Aim of the exercise >> Look below for the line with "(아름다운교육신문) 대전 서구는" and the line with "Mountain and Village"; repeat exactly those two lines and all lines between them, but no pictures.

Records supplied >>

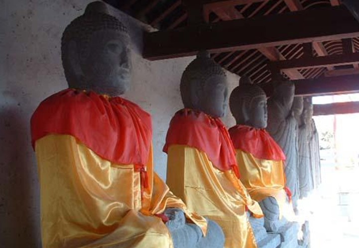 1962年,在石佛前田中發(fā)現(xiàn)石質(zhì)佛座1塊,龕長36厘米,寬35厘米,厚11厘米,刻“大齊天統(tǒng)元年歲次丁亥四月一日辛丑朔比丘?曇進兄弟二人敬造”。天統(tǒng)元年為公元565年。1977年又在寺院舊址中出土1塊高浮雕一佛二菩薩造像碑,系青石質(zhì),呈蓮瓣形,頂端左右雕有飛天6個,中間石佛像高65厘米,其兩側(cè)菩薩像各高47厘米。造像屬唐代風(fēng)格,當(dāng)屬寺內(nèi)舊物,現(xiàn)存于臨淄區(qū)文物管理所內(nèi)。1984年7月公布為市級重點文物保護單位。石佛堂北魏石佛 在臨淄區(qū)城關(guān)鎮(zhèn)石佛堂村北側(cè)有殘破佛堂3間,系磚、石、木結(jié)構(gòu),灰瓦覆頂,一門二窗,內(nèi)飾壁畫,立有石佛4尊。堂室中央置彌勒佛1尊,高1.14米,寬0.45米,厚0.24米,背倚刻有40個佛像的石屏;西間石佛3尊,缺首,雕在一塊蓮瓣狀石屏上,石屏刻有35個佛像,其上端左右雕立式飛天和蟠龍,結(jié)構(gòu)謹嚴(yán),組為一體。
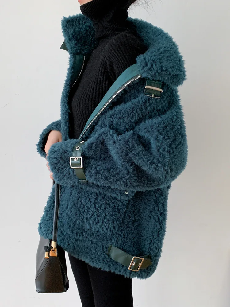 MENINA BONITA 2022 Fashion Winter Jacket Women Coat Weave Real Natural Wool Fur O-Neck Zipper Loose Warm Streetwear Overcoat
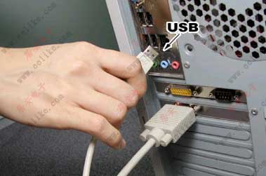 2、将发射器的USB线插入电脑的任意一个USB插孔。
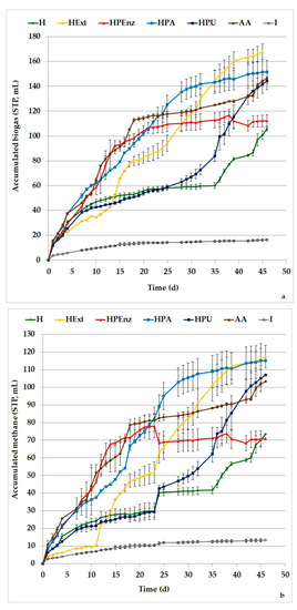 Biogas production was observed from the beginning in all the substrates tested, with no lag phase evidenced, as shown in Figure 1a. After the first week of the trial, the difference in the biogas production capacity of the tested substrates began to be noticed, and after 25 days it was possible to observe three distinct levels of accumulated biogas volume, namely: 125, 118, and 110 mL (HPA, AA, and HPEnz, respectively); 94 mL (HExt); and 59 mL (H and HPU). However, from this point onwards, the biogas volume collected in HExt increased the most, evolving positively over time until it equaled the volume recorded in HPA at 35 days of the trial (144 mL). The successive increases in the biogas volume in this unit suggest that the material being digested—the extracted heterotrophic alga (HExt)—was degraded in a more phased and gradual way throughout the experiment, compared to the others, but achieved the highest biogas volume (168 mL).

...

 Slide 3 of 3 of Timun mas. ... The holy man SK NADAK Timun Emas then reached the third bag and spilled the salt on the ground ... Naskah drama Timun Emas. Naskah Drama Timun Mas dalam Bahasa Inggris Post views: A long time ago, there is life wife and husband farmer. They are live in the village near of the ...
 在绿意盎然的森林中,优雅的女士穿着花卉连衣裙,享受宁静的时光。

==

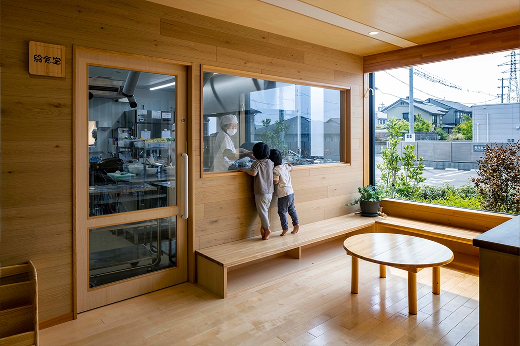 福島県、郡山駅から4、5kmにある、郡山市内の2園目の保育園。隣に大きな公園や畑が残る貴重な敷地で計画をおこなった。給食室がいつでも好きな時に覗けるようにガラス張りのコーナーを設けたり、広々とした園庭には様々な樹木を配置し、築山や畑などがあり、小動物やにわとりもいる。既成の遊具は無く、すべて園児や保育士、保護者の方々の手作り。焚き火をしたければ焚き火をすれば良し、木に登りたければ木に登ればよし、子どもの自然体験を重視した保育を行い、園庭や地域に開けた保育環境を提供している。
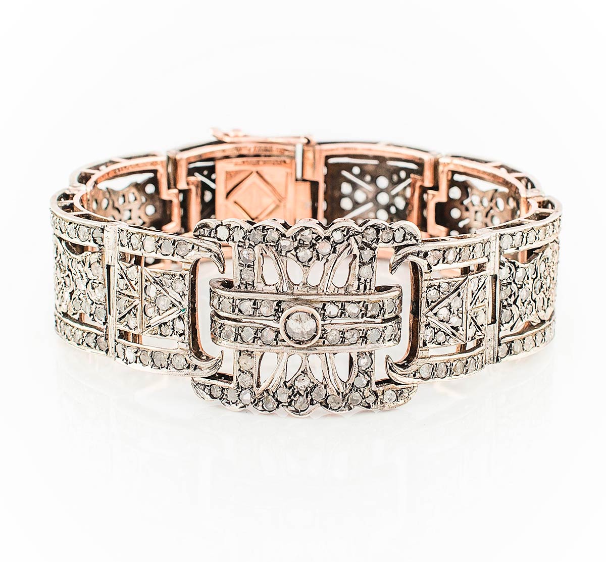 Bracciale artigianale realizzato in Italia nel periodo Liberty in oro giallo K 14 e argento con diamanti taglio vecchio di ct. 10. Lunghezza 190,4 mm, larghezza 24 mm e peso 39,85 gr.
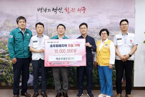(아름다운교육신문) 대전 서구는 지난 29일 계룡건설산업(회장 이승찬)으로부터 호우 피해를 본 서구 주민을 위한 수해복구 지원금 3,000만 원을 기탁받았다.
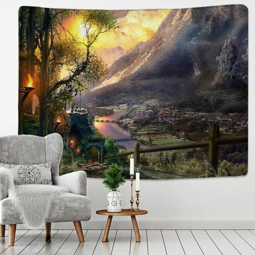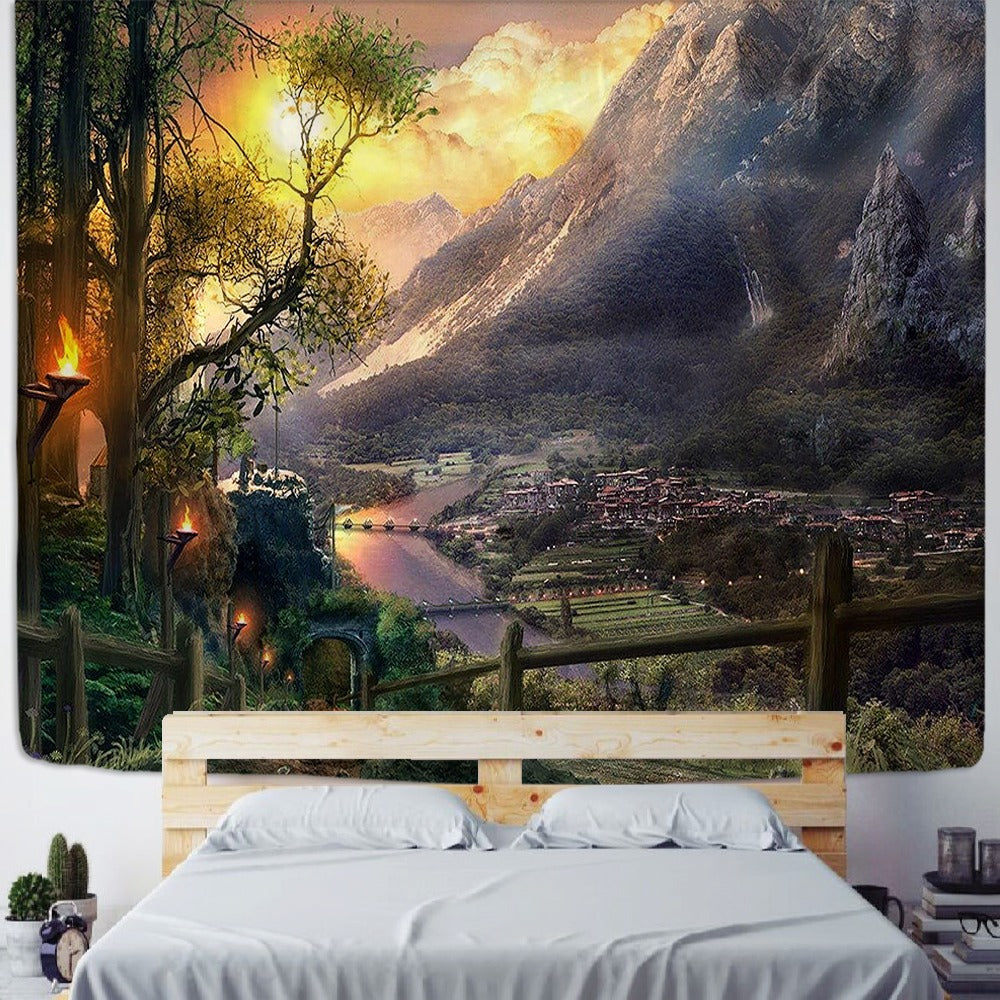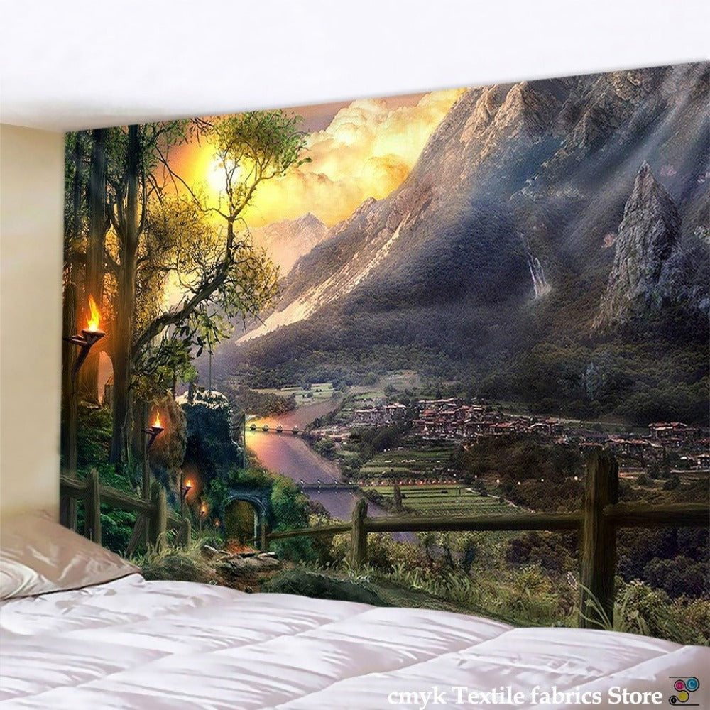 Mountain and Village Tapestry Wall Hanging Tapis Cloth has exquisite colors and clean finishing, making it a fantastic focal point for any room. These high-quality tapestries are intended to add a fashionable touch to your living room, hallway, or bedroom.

Worked solution >>
(아름다운교육신문) 대전 서구는 지난 29일 계룡건설산업(회장 이승찬)으로부터 호우 피해를 본 서구 주민을 위한 수해복구 지원금 3,000만 원을 기탁받았다.
 Mountain and Village Tapestry Wall Hanging Tapis Cloth has exquisite colors and clean finishing, making it a fantastic focal point for any room. These high-quality tapestries are intended to add a fashionable touch to your living room, hallway, or bedroom.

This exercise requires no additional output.